Anda di halaman 1dari 2

Puteri Nadiah Octavia

2311418006

Franjour

Suara dari Penyintas Covid-19


Dikurung di sebuah rumah, seorang pria berusaha memenuhi kebutuhan hariannya
dengan bekerja didalam rumah hanya bermodalkan laptop bekas. Tak ayal, dengan
meningkatnya kasus Covid di Indonesia, maka semakin banyak pula penderita yang melakukan
isoman atau isolasi mandiri di rumah masing-masing. Tersisihkan dari masyakarat juga
dipandang sebelah mata, hinaan telah menjadi makanan sehari-harinya. Satu bulan dikurung di
kotak kecil nan sempit, bukanlah waktu yang sebentar baginya untuk bertahan.

Sosok pria tersebut bernama Suwarto (51). Ayah dari dua anak ini merupakan buruh
pabrik yang sudah puluhan tahun tinggal dipinggiran kota. Merantau dan mengais rezeki di
daerah sekitar kawasan industri menjadi pilihannya. Pria kelahiran 1970 ini, bekerja disebuah
pabrik yang cukup terkenal yang berfokus pada pembuatan Hidrogen Peroxida di Indonesia.

Awal mula ia bisa terdeteksi virus Covid-19 adalah ketika ia dan teman-temannya
bersepeda di wilayah Jakarta. Suwarto memang memiliki hobi bersepeda sejak lama, berbagai
event sepeda baik didalam maupun diluar kota selalu ia ikuti. Hal ini terbukti dari banyaknya
sepeda yang terparkir di halaman rumahnya, yang bergantian ia pakai untuk pergi ke event
tersebut. “Waktu itu, saya sedang libur dan diajak bersepeda oleh teman-teman saya, karena
besoknya harus bekerja, saya wajib melakukan tes PCR, ternyata hasilnya positif” ungkapnya.
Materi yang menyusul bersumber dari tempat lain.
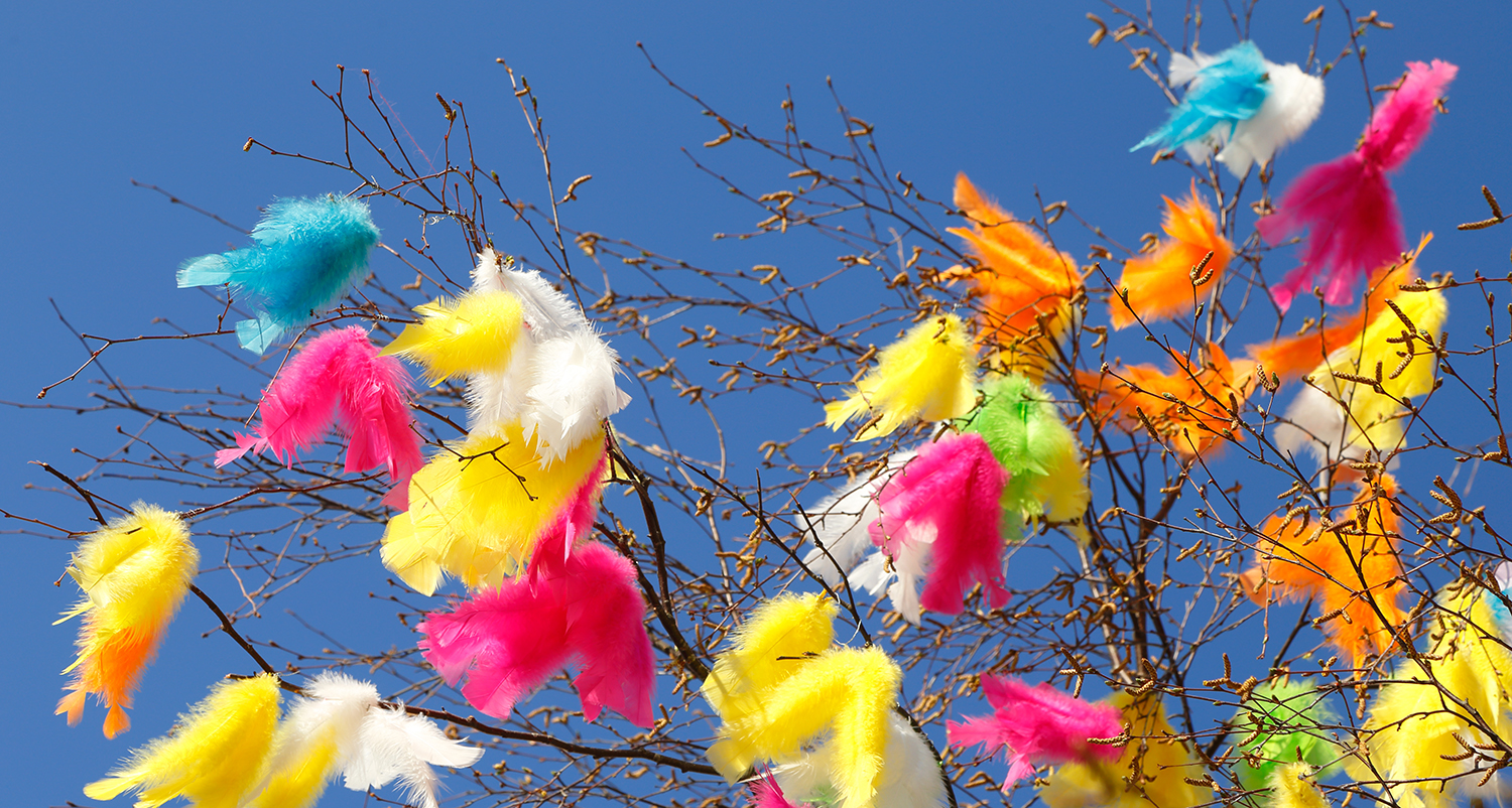 Påskfjädrar ← Föregående Nästa → Fjädrar färgstarka färger upphängda i björkris mot en klarblå himmel.

Tingginya kasus Covid-19 di beberapa kota di Indonesia memang tidak bisa dipungkiri.
Jakarta merupakan kota yang memiliki tingkat kasus Covid-19 tertinggi di Indonesia. “Disana
menerapkan protokol kesehatan dengan benar, pakai masker dan juga jaga jarak” ucapnya. Hal
ini memungkinkan bahwa seseorang dengan gampangnya bisa tertular Covid-19 walaupun
sudah menerapkan protokol kesehatan.

Akibat dari kejadian ini, Suwarto harus melakukan isolasi mandiri minimal selama 2
minggu di rumah. “Tidak ada gejala sama sekali, pilek, batuk dan semacamnya tidak ada”
ucapnya. Walaupun termasuk OTG atau orang tanpa gejala, Suwarto harus tidur di tempat yang
berbeda dari keluarganya, segala perlengkapan makan dan alat mandi dibuat secara terpisah.
“Sedih karena terdeteksi Covid-19, tapi dijalani saja” tambahnya.
Reaksi warga disekitarnya pun sangat berlebihan, Suwarto dan keluarga dijauhkan dari
masyarakat. Banyak sekali berita simpang siur di sekitar lingkungan rumahnya. Bahkan sang
istri yang tidak menderita Covid-19, tidak diperbolehkan membeli sayur yang lewat di depan
rumahnya. “Sangat dipersulit, kami hanya mendapatkan bantuan sembako dari RT hanya
sekali, setelah itu kami bertahan hidup dengan meminta tolong teman-teman saya karena warga
di sekitar rumah tidak mau menolong, alasannya takut tertular” ungkapnya. Hal ini sangat ia
sayangkan, karena bukannya harus istirahat agar keadaan pulih, tetapi malah memikirkan
bagaimana caranya agar ia bertahan hidup untuk mendapatkan bahan makanan untuk ia dan
keluarganya. “Kecewa, tidak perlu mengumbar berita simpang siur tentang keluarga kami.
Karena saya juga merupakan OTG dan tidak memiliki permasalahan apapun dengan
kesehatan” tambahnya.

Kurangnya edukasi tentang Covid-19 dan berita hoaks yang beredar membuat
masyarakat tidak mengetahui apa yang harus mereka lakukan. Hal ini terbukti dari cara mereka
memperlakukan penderita Covid-19 dengan tidak baik dan juga kabar burung yang beredar.
“Harapannya semoga warga memperbaiki sikap mereka, aware boleh tetapi tidak perlu sampai
berlebihan hingga menghina penderita Covid-19” jelasnya. Kini, kondisi Suwarto telah
membaik, hasil tes PCR juga telah negatif. Sekarang ia bisa bekerja secara Work from Office
atau WFO seperti semula setelah melakukan isolasi mandiri selama satu bulan lamanya.